In 2002 she was invited to perform in the television talent search "Nace una estrella" ("A Star is Born") on Santiago's Channel 13 where she won the singer's category. In 2004 she was invited to compete in the Televisión Nacional de Chile talent program Rojo where in the widely watched final episode she won the grand prize in the singing category for her interpretation of Caruso.

==Mexico (2006–2010)==

In 2005 she independently released her CD Amanecer then traveled to Mexico to promote it and advance her career in a larger market. It was there where she was discovered by entertainment giant Sony BMG who signed her to a 4-album contract. In 2007 her CD Homónimo was released, featuring collaborations with Luis Fonsi, Mario Domm, Claudia Brant, Noel Schajris, and Leonel García from Sin Bandera with whom she also performed a duet on his own album.

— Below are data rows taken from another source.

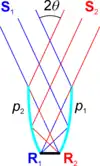 When seen from the CPC, the incoming radiation (emitted from the infinite source at an infinite distance) subtends an angle ±θ (total angle 2θ). This is called the acceptance angle of the CPC. The reason for this name can be appreciated in the figure "rays showing the acceptance angle" on the right. An incoming ray r1 at an angle θ to the vertical (coming from the edge of the infinite source) is redirected by the CPC towards the edge R1 of the receiver.
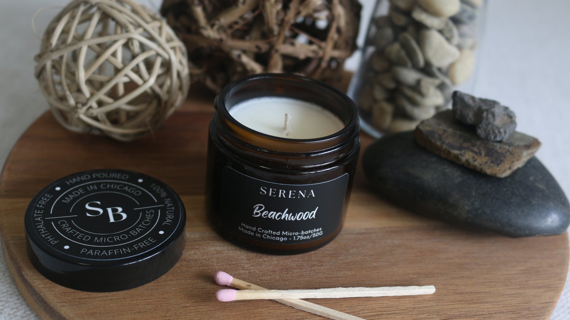 Each of our candles are hand-poured in small batches in Chicago, IL. We source perfume grade fragrance oils and carefully blend them with 100% USA Farmer Soybean Based soy wax.
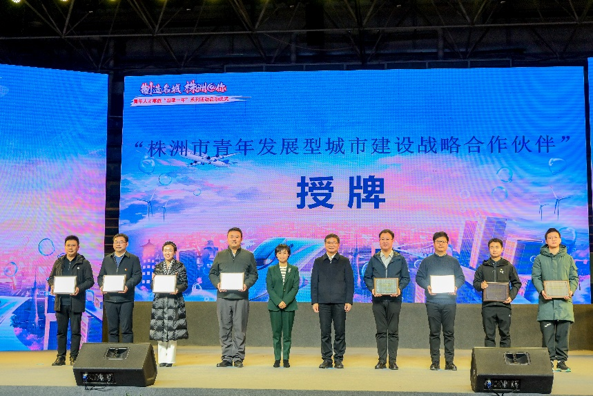 团省委向必赢官网授予实践育人项目牌匾“株洲市青年发展型城市建设战略合作伙伴”,在实践实训和科研创新开展校地合作,推动高校与城市深度合作,共同促进科技创新、人才培养和城市发展。
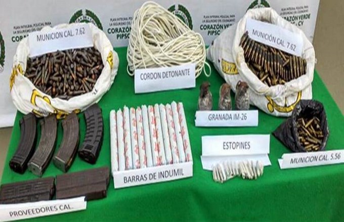 Corazón Verde, en zona rural, vereda Juan Brand del municipio de Remedios, en desarrollo de la Operación República 257, continuando con la política nacional de seguridad ciudadana y estrategias trazadas por la Dirección General de la Policía, en la lucha frontal contra las bandas criminales dedicadas al narcotráfico y Microtráfico, extorsión y el homicidio en la región del nordeste de Antioquia, con el fin golpear la estructura financiera y logística de estos grupos para contrarrestar las acciones delictivas de las bandas criminales; mediante actividades de inteligencia, investigativas e información aportada por fuente humana y judicialización, se logró la ubicación e incautación en zona boscosa, camuflada entre maraña de una bolsas plásticas color negro y baldes plásticos de color azul, la cual al ser inspeccionada se observa en su interior material de guerra, así:
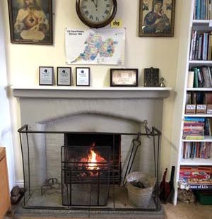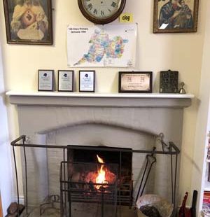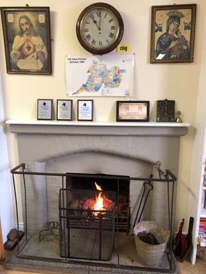 One of the things that really caught my eye was the retention of the original fireplace in the senior classroom, a great memory of the original building and as they say a relic of oul dacency(!). There is something very special around the glow of a turf fire and the warmth of welcome around a hearth. What a beautiful photo of the students gathered around it playing trad music and warming themselves around the fire and this is so beautifully reflected in the Article on page 32 of the magazine aptly entitled “School is where the hearth is”.
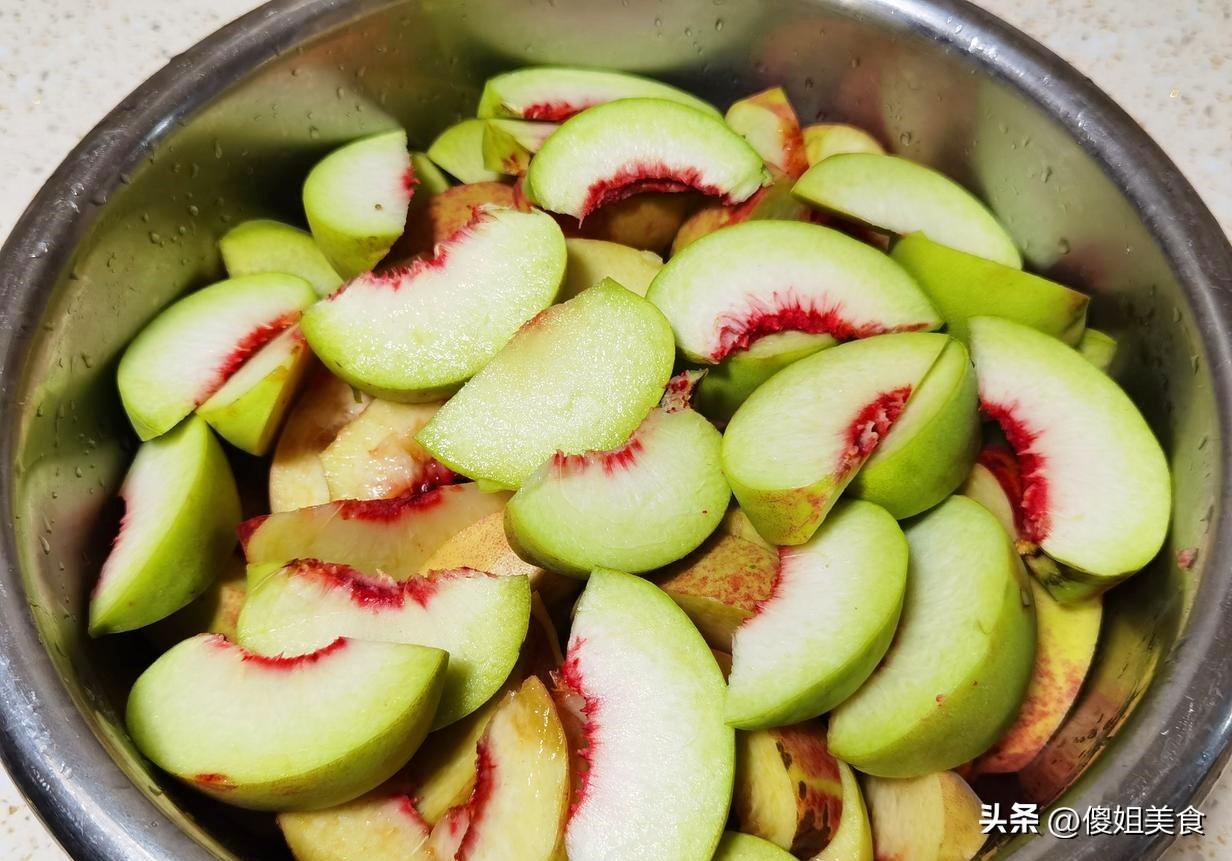 【具體做法】1、桃子洗乾淨後削皮(不削也行,但曬乾後皮可能有點韌),去核,切成你喜歡的大小,厚片(大概半釐米)或條狀都行。
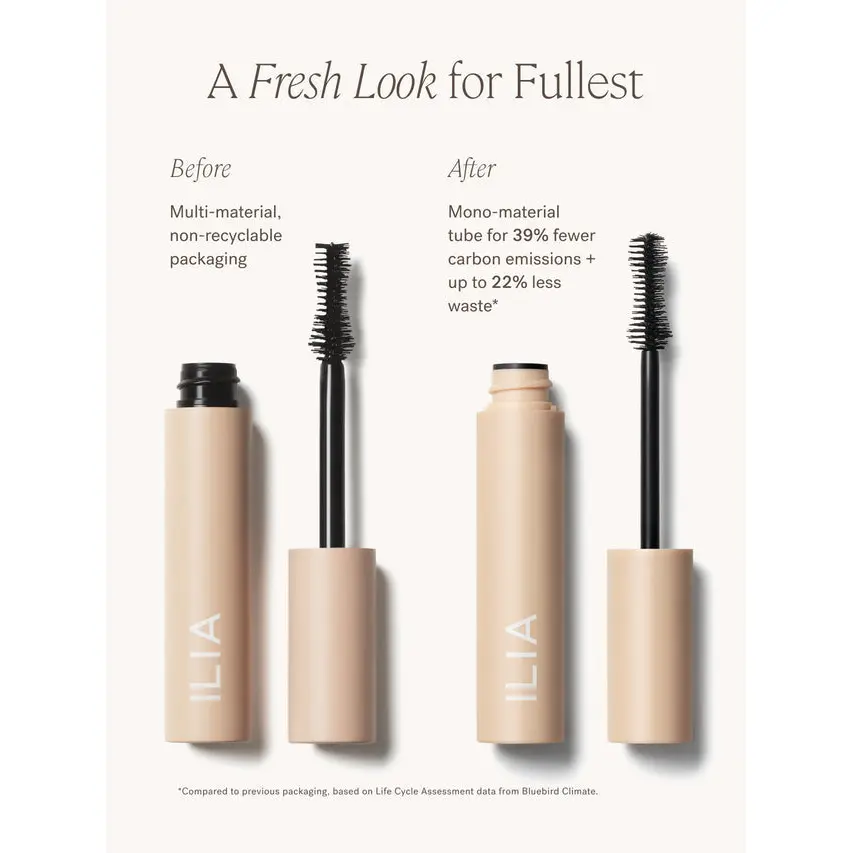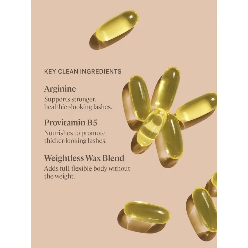 What It Is: A clean volumizing mascara that wraps each lash in weightless, buildable volume without flaking or smudging. Safe for sensitive eyes. New lighter, mono-material tube reduces carbon emissions by 39% and waste by 22%.*
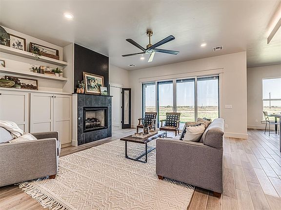 Seller is offering $5,000 towards buyers closing costs --- AND --- Great Plains Bank is offering $2,000 towards buyers closing costs!!! WOW!!! Now let's talk about this gorgeous home.... At first sight you will fall in love. Beautiful landscaping greets guests before they enter through the massive 5-lite glass front door. Once inside your eye is immediately drawn back outside through the extra wide view of country living. The 12' wide wall of glass provides easy access to backyard fun through the center slider doors. This great view is visible through all of the main area of this open concept home. The living room has large custom built cabinetry w/ floating display shelves & a beautiful gas FP. The kitchen boasts an oversized island, floor to ceiling cabinets w/ both under cabinet lighting & upper cabinet display lighting. Dramatically highlighting everything are the ceiling uplights & gorgeous hanging pendants. Tucked around the corner is the butlers work area complete w/ wine storage & plenty of counter space to also be your morning coffee bar. The master suite is impressive w/ its modern barn door that leads into the en-suite where you find 2 wide vanities w/ considerable countertop space & the jaw-dropping modern soaker tub w/ glassy black exterior & contrasting white interior. Off the living room is the flex space that's perfect for a home office, playroom, video game room, workout space, etc... GO UPSTAIRS to the large unfinished attic that is perfect for holiday storage now & additional living space later!!! Multiple upgrades incl: spray foam insulation, fans in all bedrooms, upgraded appliance pkg w/ built-in burner gas cooktop, dual fuel heating, quartz & granite counters, fiber internet & paved roads in Cashion SD! ****Do you want more space than just this .5 acre? Well great news, the adjoining .5 acre lot to the east is ALSO AVAILABLE FOR PURCHASE for $55,000.
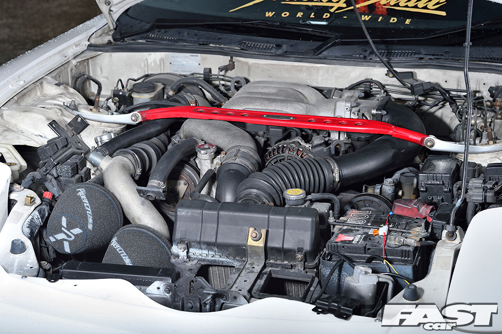 Fully rebuilt 13B twin-turbo rotary engine with large street port and mapping; Pipercross custom air filters; Blitz blow-off valve, Japspeed de-cat pipe, custom stainless steel cat-back exhaust system.
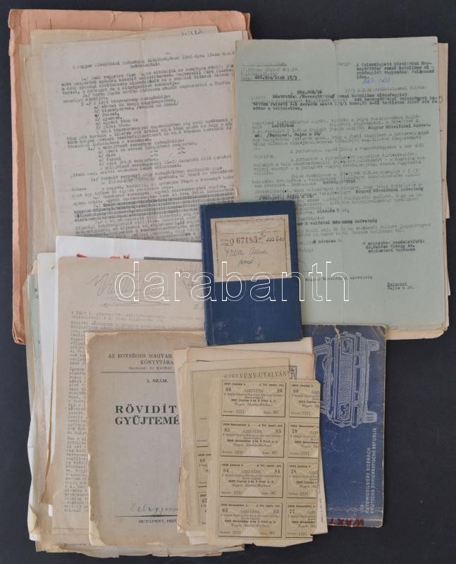Vegyes okmány tétel: szelvények, dokumentumok, stb., érdekes anyag https://www.darabanth.com/de/333-Fernauktion/333.0/Kunst-Dokumente-andere-Sammelgebiete/Dokument~500019/Vegyes-okmany-tetel-szelvenyek-dokumentumok-stb-erdekes-anyag~II1869579
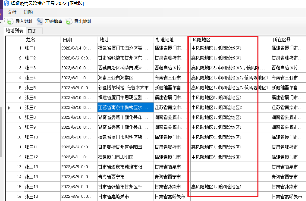- 自动排查,工具会将地址国家最新疫情风险地区数据库进行比对,自动排查区县一级的高中低风险数量。
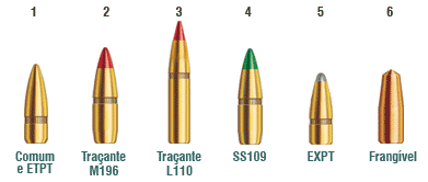 Acima um quadro de projéteis do calibre 5,56mm X45, com diversas utilizações: (1) ponta para alvos não blindados, (2 e 3) munição traçante, (4) pontas para alvos blindados, (5) ponta de chumbo encamizada para caça e (6) projétil frangível. (Fonte: CBC)
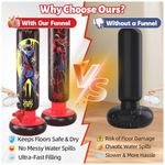 A estrutura é produzida em PVC com espessura de 0,5 mm, com base larga para enchimento com água ou areia, proporcionando estabilidade durante socos e chutes. O conjunto acompanha luvas, bomba de ar e funil para abastecimento de água, facilitando a instalação em ambientes internos ou externos planos.?
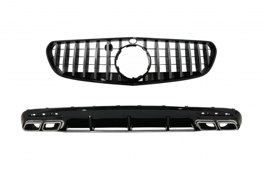 Rear Bumper Air Diffuser with Chrome Muffler Tips and Centrale Grille suitable for Mercedes S-Class C217 Coupe A217 Cabrio (2014-2017) S63 GT-R Design
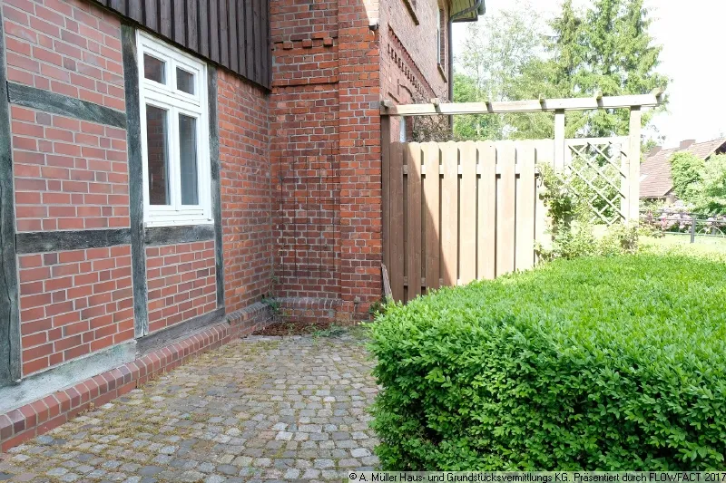 Weiterhin gehört zu der Wohnung der Gartenbereich vor dem Haus. Dieser Bereich, sowie der Bereich der Terrasse und die Einfahrt sind vom Mieter zu pflegen.
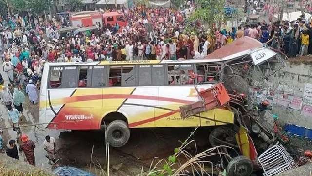 The injured were sent to hospitals in the region,” local police chief Masud Alam told AFP after the crash in the southern district of Shibchar.Road accidents are frequent in Bangladesh due to old and badly maintained vehicles and roads, as well as poorly trained drivers. A highway accident monitor said a record 9,951 people were killed in road accidents in Bangladesh last year.
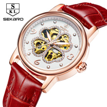 斯卡络红色时尚潮流女表全自动机械表女士正品防水镂空手表真皮带
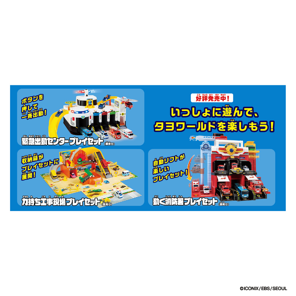 『ちびっこバス タヨ』から、建設現場で活躍するミニカーが4台入った「ちびっこ力持ち建機大集合セット品」が登場!ころ走行で車遊びが楽しめるだけでなく、プレイセットと連動して遊ぶことができます。一部のミニカーは可動するギミック付き!
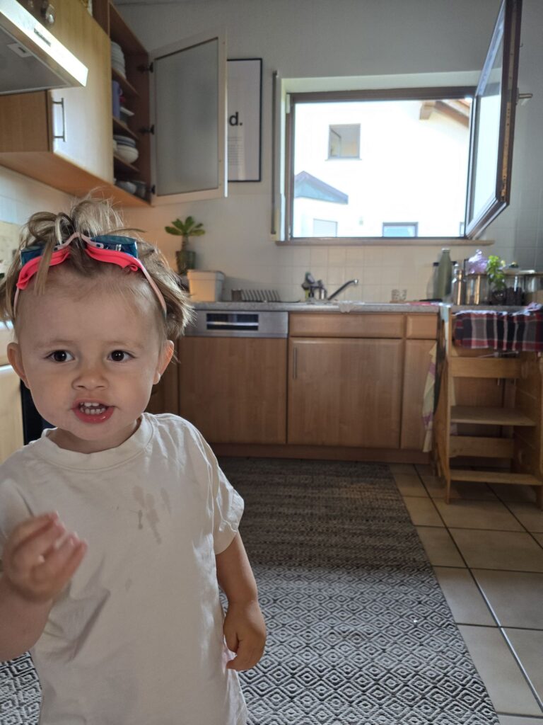 Mama hat Mika in den Kindergarten gebracht. Es ist immer sommerlicher und morgens schon ganz warm… 🥵.

==Hit International (2011—present)==

Late in 2010 she decided to return to her native Chile to take time for reflection and plan the next phase of her career. Collaborating with Spanish Producer Juan Magan she released 2 singles: For a Night and Not the One both of which she wrote herself.
In October, 2011 she performed for the first time in the United States at the Miami Beach 2011 Celebrate Orgullo Festival to a large and enthusiastic crowd.